Repeat all the lines below exactly, but omit the pictures.
### Data provided
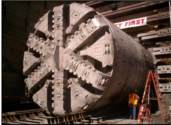
Figure 4. Face of a TBM (Tunnel Boring Machine) similar to that used on the Brightwater West project. (Ref 11).

where they are dumped into small rail cars that carry the materials to the open end of the tunnel. Pressure in the machine room is the same as that of the face, but behind the machine room pressure is essentially atmospheric. The face is rotated and pushed along, digging several metres per day depending on the terrain. This is a Pressure Balanced Shield Machine. In another type of TBM the excavated soil is mixed with a high-density slurry which is pumped out through pipes. Both types are involved at Brightwater.
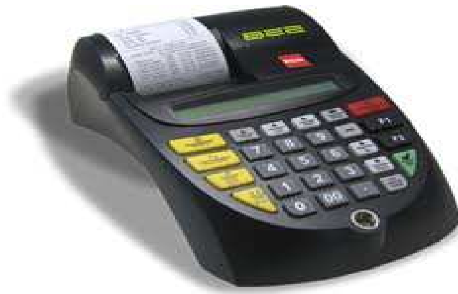
Figure 2.3: Electronic Fiscal Printers

Electronic Fiscal Printer is not a stand-alone device, it is a supplement of other types of sales recording devices. For example it is connected to an existing ECR to issue a receipt.
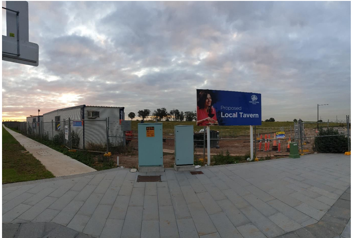
Figure 3: Looking NW from DJD-CA intersection towards proposed Tavern site.
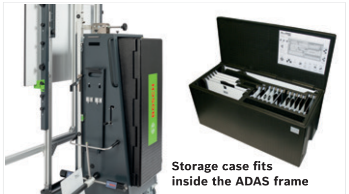
Storage case fits inside the ADAS frame

Optimized target configurations means less time fumbling through the setup – and less time means more money in your pocket.
######
**Exercise answer**.
Figure 4. Face of a TBM (Tunnel Boring Machine) similar to that used on the Brightwater West project. (Ref 11).

where they are dumped into small rail cars that carry the materials to the open end of the tunnel. Pressure in the machine room is the same as that of the face, but behind the machine room pressure is essentially atmospheric. The face is rotated and pushed along, digging several metres per day depending on the terrain. This is a Pressure Balanced Shield Machine. In another type of TBM the excavated soil is mixed with a high-density slurry which is pumped out through pipes. Both types are involved at Brightwater.
Figure 2.3: Electronic Fiscal Printers

Electronic Fiscal Printer is not a stand-alone device, it is a supplement of other types of sales recording devices. For example it is connected to an existing ECR to issue a receipt.
Figure 3: Looking NW from DJD-CA intersection towards proposed Tavern site.
Storage case fits inside the ADAS frame

Optimized target configurations means less time fumbling through the setup – and less time means more money in your pocket.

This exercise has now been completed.